A17: a broad-field amacrine cell in the rod system of the cat retina.

Abstract

A17 amacrine cells of the cat retina have been penetrated with horseradish peroxidase (HRP)-filled microelectrodes and their light responses recorded. These cells depolarize in sustained fashion to steps of light. Viewed in retinal wholemounts, HRP-injected cells have a spokelike radiating splay of very fine dendrites (0.1 micron diam) passing diffusely through all strata of the inner plexiform layer (IPL) to run primarily in strata 4 and 5. There are as many as 1,000 large, regularly spaced beads borne on the 500- to 1,200-micron diameter dendritic field. Cell body sizes range from 9 to 13 micron.

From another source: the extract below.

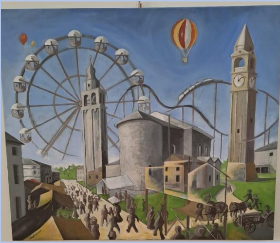
Autore: Dorella Alessandro Titolo: Fiera di Arsego: ieri e oggi

Partendo da una foto d'epoca ho ritratto lo scorcio della chiesa e della via principale di Arsego, sovrapponendo un'altra visuale a distanza di tempo (vedi campanile a dx e aggiunte in terra d'ombra) e riempiendo lo sfondo con le giostre di oggi. Una tradizione, quella della Fiera, che prosegue nel tempo.

In the electron microscope, the dendritic beads in sublamina b of the IPL are seen to synapse reciprocally with rod bipolar axon terminals. Dendritic beads in sublamina a rarely make synapses, but between the beads in this layer, input from at least three distinctive amacrine profiles occurs. Though diffuse at the light microscopic level, A17 thus appears to be structurally bistratified, with amacrine input in sublamina a and bipolar input in sublamina b. It is likely that A17 can be identified with AI. A17 signals are driven almost exclusively by rods. The spectral sensitivity peaks at 507 nm, identical with that of pigment epithelial cells. Light adaptation abolishes all but a small hyperpolarizing component of the signal. The overall intensity-response range is similar to that of AII amacrine cells. When receptive fields of A17 cells are mapped with slit stimuli, a broad, single-component curve is measured approximately covering the dendritic field. The receptive field is well described by a linear electrical model with a mean space constant of 259 +/- 97 micron (SD). On the other hand, responses to centered slit stimuli of varying width yielded space constants of only 38 +/- 29 micron. A17 amacrines are thus broad-field components of the cat's rod system but with very little capacity for spatial integration. Receptive-field measurements are not supportive of the notion of isolated dendritic regions.